An MHD simulation study of the Kelvin-Helmholtz instability at the Martian ionopause

Abstract:

Because Mars has no intrinsic magnetic filed, the solar wind directly interacts with the planetary ionosphere. Under this circumstance, the planetary ionopause represents a density discontinuity surface and a velocity shear surface between the magnetized solar wind flow and the planetary ionosphere. The ionopause is subject to the Kelvin-Helmholtz (KH) instability [Amerstorfer et al., 2010], which is expected to play a role in removing ionospheric materials from the planet. In addition, the KH instability may cause a dawn-dusk asymmetry at the magnetopause because of the finite Larmor radius (FLR) effect of ions [Nagano, 1978]. At an ionopause, for the same reason, the KH instability may cause an asymmetry in the direction of the solar wind motional electric field.

Terada et al. [2002] pointed out using a global hybrid simulation that the KH instability at the Venusian ionopause develops asymmetrically through the acceleration of ionospheric ions in the direction of the solar wind motional electric field. It is known that the ion FLR effect, the gravitational stabilizing effect, the effect of the thickness of the boundary layer, etc. determine the initial growth of the KH instability.
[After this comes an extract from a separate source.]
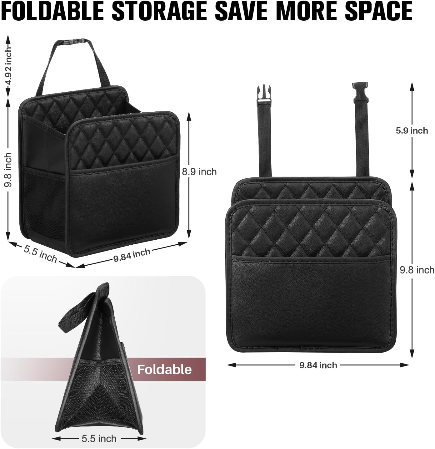 【Multifunctional Car Seat Storage】 This car back seat organizer can not only be used as a car seat organizer, but also can be used as mini car trash can . Double sided and front mesh bag design, convenient and practical for storage small items. The front and side mesh pockets of the small car trash can can hold small items such as wet wipes and towels. Also this car front seat organizer is suitable for home, office.

However, it was difficult to separately evaluate each contribution of these effects with the global hybrid simulation. Because of this, quantitative evaluations of these competing effects at the Martian ionopause have not yet been done.

In this study, to model a more realistic condition of Mars, we have performed simulation runs with a density gradient in the direction of the velocity shear (horizontal direction) in the Martian ionosphere. Our past simulations, which used a periodic boundary condition, had a peak of momentum at the ionopause in the initial condition, so that the growth rate of the KH instability can be over-estimated. This problem is partly resolved by employing this realistic condition. Accordingly, it is expected that the growth rate of the KH instability decreases near the subsolar point, but increases at high SZAs due to the horizontal density gradient compared to our previous results, resulting in a different atmospheric escape rate. In this presentation, initial results obtained from the numerical simulation that considers the horizontal density gradient will be presented.